7.2.2. PCR Amplification#
General Protocol#
This protocol describes the general procedure to conduct PCR experiment. Optimal reaction conditions vary and need to be optimized.
Note
PCR reactions should be assembled in a DNA-free environment. Use of “clean” dedicated automatic pipettors and aerosol resistant barrier tips are recommended. Always keep the control DNA and other templates to be amplified isolated from the other components. [1]
Objective#
Amplify a DNA segment from tmplates.
Experiment Principle#
PCR is based on the natural process of DNA replication.

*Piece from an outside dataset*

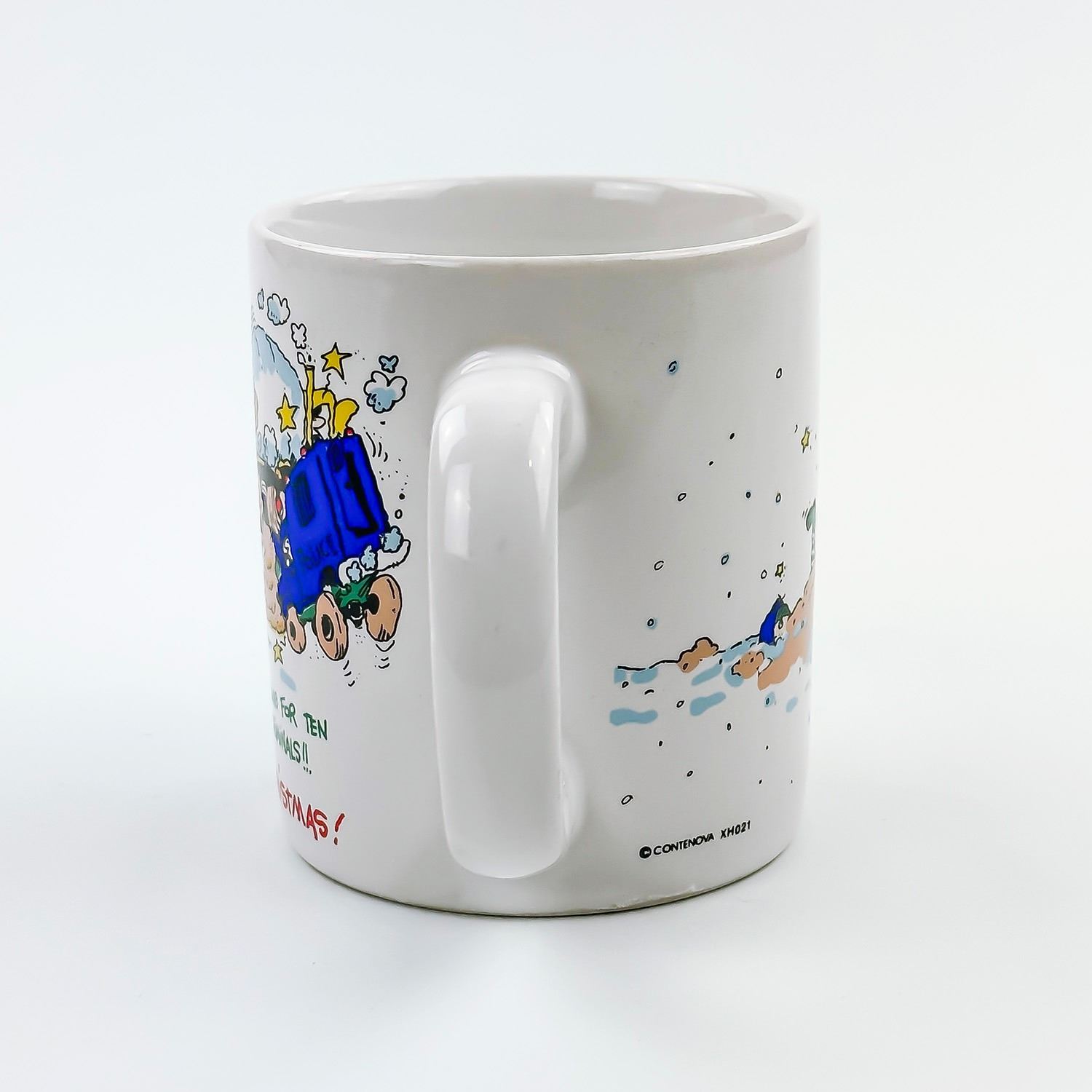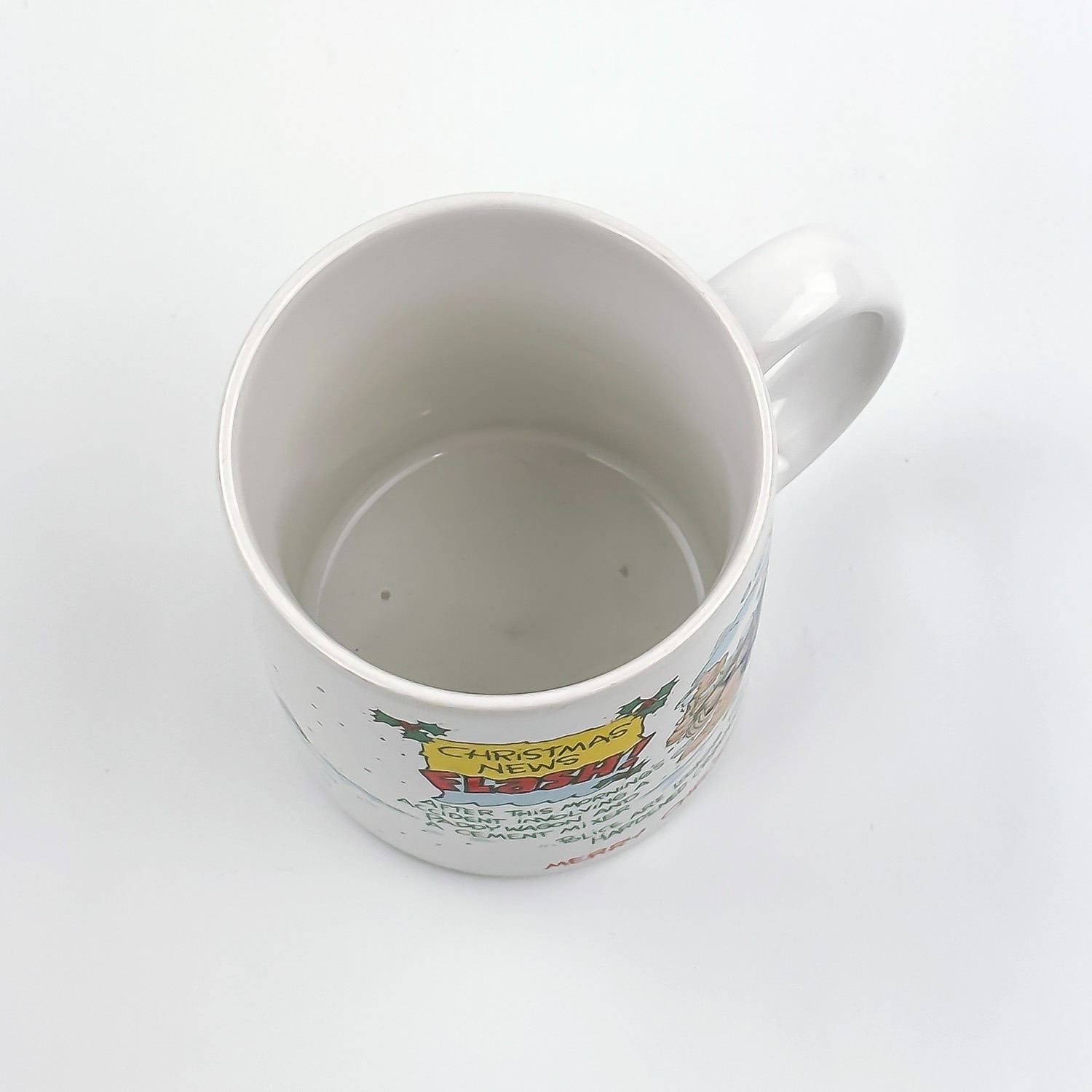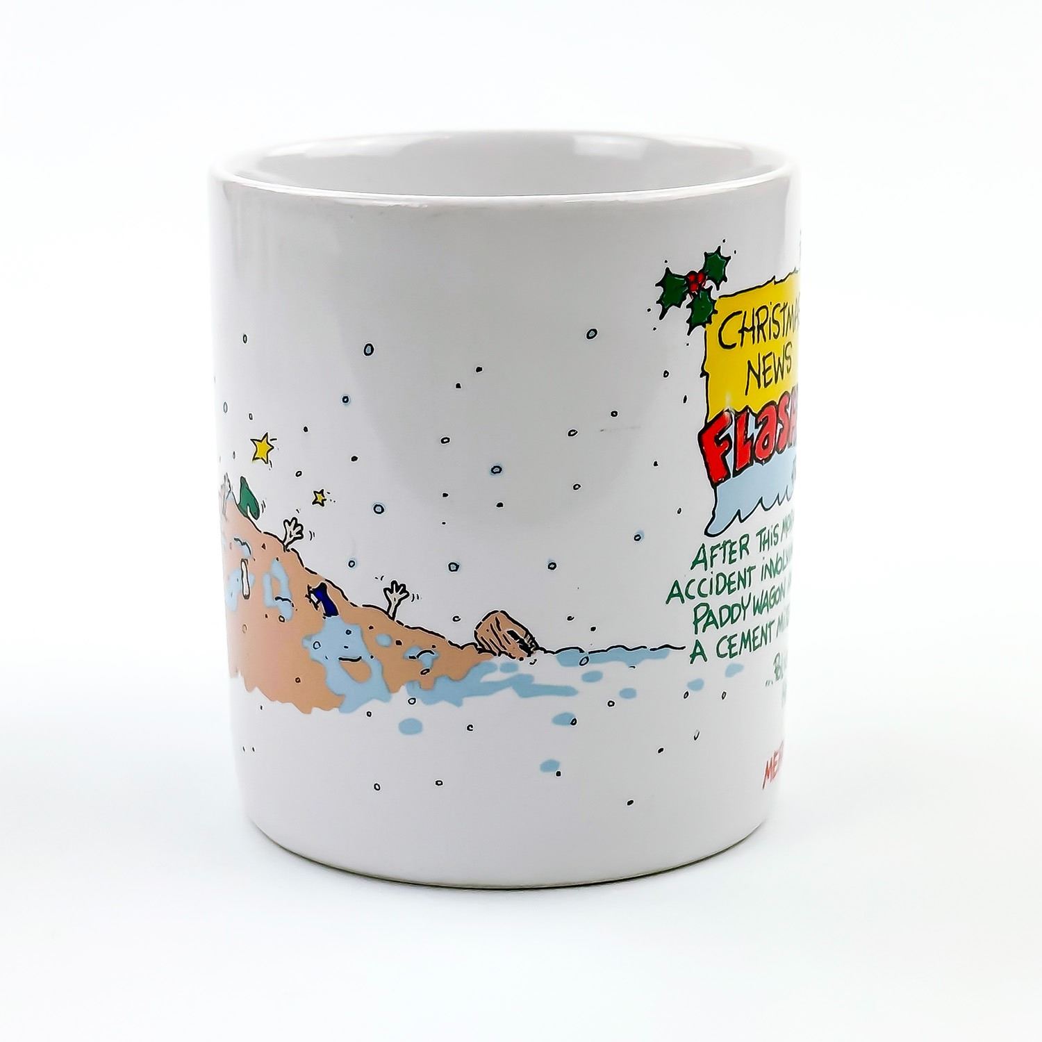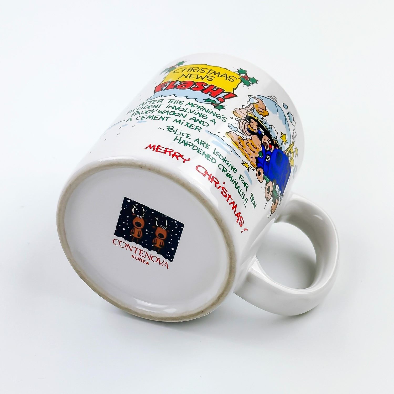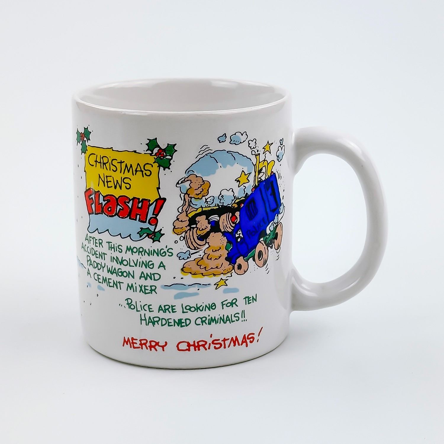 #8160 - CHRISTMAS NEWS FLASH - HARDENED CRIMINALS HUMOROUS CERAMIC COFFEE MUG CUP. MEASURES: 4.5” (11.5 CM) WIDE INCLUDING HANDLE AND STANDS 3.5” (9 CM) HIGH - REGULAR SIZE COFFEE MUG

It involves the enzymatic amplification of a specific DNA sequence using a pair of primers and a DNA polymerase enzyme. The process can produce millions to billions of copies of a particular DNA sequence from a small initial sample, making it possible to analyze DNA even when only a very small amount is available.
Materials and Reagents#
Reaction Buffer
DNA polymerase
dNTPs
Forward and Reverse Primers
Template DNA
Nuclease-free Water
Procedure#
Assemble reaction components
Attention
Assemble all reaction components on ice and quickly transferring the reactions to a thermocycler preheated to the denaturation temperature.
Note
Gently mix the reaction. Collect all liquid to the bottom of the tube by a quick spin if necessary. Overlay the sample with mineral oil if using a PCR machine without a heated lid.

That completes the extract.